Ketone 4 (2.24 g, 0.01 mol, 1 equiv.) was dissolved in dimethylformamide dimethyl acetal (13 mL, 10 equiv.) and heated under reflux for 18 h. The volatiles were removed on a rotary evaporator, and the residue was co-evaporated again with toluene. The residue was dissolved in methanol (10 mL) and then was added dropwise at 0 °C to a solution of corresponding amidine hydrochloride (0.015 mol, 1.5 equiv) and sodium methoxide (0.9 g, 0.017 mol, 1.7 equiv.) in methanol (30 mL). The resulting mixture was heated at reflux for 8 h. The solvent was removed in vacuo and the residue was partitioned between 5% aqueous citric acid (50 mL) and dichloromethane (100 mL).
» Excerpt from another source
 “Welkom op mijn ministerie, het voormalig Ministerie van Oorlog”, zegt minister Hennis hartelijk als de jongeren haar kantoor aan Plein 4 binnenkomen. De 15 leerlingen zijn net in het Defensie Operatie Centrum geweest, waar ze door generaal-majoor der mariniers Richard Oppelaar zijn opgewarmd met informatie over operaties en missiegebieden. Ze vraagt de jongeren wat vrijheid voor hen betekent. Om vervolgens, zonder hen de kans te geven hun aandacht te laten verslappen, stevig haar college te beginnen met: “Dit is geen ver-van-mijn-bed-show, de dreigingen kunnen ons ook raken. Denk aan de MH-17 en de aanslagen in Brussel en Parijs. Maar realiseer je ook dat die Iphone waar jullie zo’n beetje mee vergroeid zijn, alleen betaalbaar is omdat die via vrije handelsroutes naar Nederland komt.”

The organic phase was separated, washed with water, dried over anhydrous Na₂SO₄, filtered, and concentrated in vacuo. The residue was purified by column chromatography on silica gel eluting with 50% → 100% ethyl acetate in hexane. Compounds 7a–d were synthesized according to this procedure previously, and the spectra were reported [24].

tert-butyl 2′-(4-fluorophenyl)-1H,7′H-spiro[azetidine-3,5′-furo[3,4-d]pyrimidine]-1-carboxylate (7e).
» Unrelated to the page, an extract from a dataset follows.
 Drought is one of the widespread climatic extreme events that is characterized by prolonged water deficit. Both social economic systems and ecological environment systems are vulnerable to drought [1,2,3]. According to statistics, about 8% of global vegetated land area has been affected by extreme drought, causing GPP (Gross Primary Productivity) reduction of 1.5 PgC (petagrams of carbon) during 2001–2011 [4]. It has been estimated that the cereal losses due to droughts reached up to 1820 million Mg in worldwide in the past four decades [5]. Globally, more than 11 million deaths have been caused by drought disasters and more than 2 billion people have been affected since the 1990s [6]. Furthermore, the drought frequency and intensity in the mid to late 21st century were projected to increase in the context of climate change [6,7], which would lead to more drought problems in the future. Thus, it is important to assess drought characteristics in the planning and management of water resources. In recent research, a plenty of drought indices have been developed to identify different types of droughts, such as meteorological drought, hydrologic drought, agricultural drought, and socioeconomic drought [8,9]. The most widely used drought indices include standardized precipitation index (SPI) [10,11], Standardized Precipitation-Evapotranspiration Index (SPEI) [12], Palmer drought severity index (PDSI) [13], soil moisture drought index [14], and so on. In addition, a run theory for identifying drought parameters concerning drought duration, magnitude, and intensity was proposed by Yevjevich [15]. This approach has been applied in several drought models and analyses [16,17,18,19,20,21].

The compound was synthesized according to General Procedure 1. Yield 1.75 g (49%), white solid, m.p. 132-133 °C, ¹H NMR (300 MHz, DMSO-d₆) δ 9.12 (s, 1H), 8.45 (dd, J = 8.8, 5.7 Hz, 2H), 7.36 (t, J = 8.8 Hz, 2H), 5.09 (s, 2H), 4.29 (d, J = 10.0 Hz, 2H), 4.15 (d, J = 9.7 Hz, 2H), 1.43 (s, 9H); ¹³C NMR (75 MHz, DMSO-d₆) δ 170.72, 163.20, 162.84, 156.01, 151.65, 133.69, 130.77, 130.65, 130.30, 116.31, 116.02, 81.28, 79.55, 71.31, 63.57, 28.46. HRMS (ESI) m/z calcd for C₁₉H₂₁FN₃O₃ (M+H⁺) 358.1566, found 358.1568.

tert-butyl 2′-(4-chlorophenyl)-1H,7′H-spiro[azetidine-3,5′-furo[3,4-d]pyrimidine]-1-carboxylate (7f).
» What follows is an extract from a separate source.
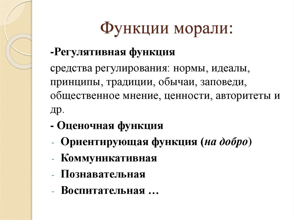 Функции морали:-Регулятивная функция

The compound was synthesized according to General Procedure 1. Yield 2.06 g (55%), white solid, m.p. 138–139 °C. ¹H NMR (300 MHz, DMSO-d₆) δ 9.14 (s, 1H), 8.41 (d, J = 8.4 Hz, 2H), 7.60 (d, J = 8.6 Hz, 2H), 5.10 (s, 2H), 4.29 (d, J = 9.6 Hz, 2H), 4.15 (d, J = 9.8 Hz, 2H), 1.43 (s, 9H); ¹³C NMR (75 MHz, DMSO-d₆) δ 170.78, 163.12, 156.01, 151.70, 136.40, 135.99, 130.65, 130.03, 129.32, 81.28, 79.56, 71.30, 28.46. HRMS (ESI) m/z calcd for C₁₉H₂₁ClN₃O₃ (M+H⁺) 374.1271, found 374.1274.

tert-butyl 2′-(3-chlorophenyl)-1H,7′H-spiro[azetidine-3,5′-furo[3,4-d]pyrimidine]-1-carboxylate (7g).

The compound was synthesized according to General Procedure 1. Yield 1.91 g (51%), white solid, m.p. 122-123 °C. ¹H NMR (300 MHz, DMSO-d₆) δ 9.17 (s, 1H), 8.40–8.31 (m, 2H), 7.68–7.53 (m, 2H), 5.11 (s, 2H), 4.30 (d, J = 9.7 Hz, 2H), 4.15 (d, J = 9.7 Hz, 2H), 1.43 (s, 9H); ¹³C NMR (75 MHz, DMSO-d₆) δ 170.88, 162.67, 156.01, 151.75, 139.21, 134.11, 131.24, 131.03, 127.77, 126.82, 81.27, 79.57, 71.31, 63.54, 28.46. HRMS (ESI) m/z calcd for C₁₉H₂₁ClN₃O₃ (M+H⁺) 374.1271, found 374.1272.

tert-butyl 2′-(4-isopropylphenyl)-1H,7′H-spiro[azetidine-3,5′-furo[3,4-d]pyrimidine]-1- carboxylate (7h).

The compound was synthesized according to General Procedure 1. Yield 1.68 g (44%), white solid, m.p. 94–95 °C. ¹H NMR (300 MHz, DMSO-d₆) δ 9.11 (s, 1H), 8.33 (d, J = 7.8 Hz, 2H), 7.41 (d, J = 7.9 Hz, 2H), 5.08 (s, 2H), 4.29 (d, J = 9.6 Hz, 2H), 4.15 (d, J = 9.7 Hz, 2H), 2.97 (m, 1H), 1.43 (s, 9H), 1.25 (d, J = 7.0 Hz, 6H); ¹³C NMR (75 MHz, DMSO-d₆) δ 170.53, 164.11, 156.00, 152.08, 151.61, 134.83, 130.04, 128.38, 127.18, 81.26, 79.55, 71.33, 33.76, 29.40, 28.44, 24.06. HRMS (ESI) m/z calcd for C₂₂H₂₈N₃O₃ (M+H⁺) 382.2130, found 382.2130.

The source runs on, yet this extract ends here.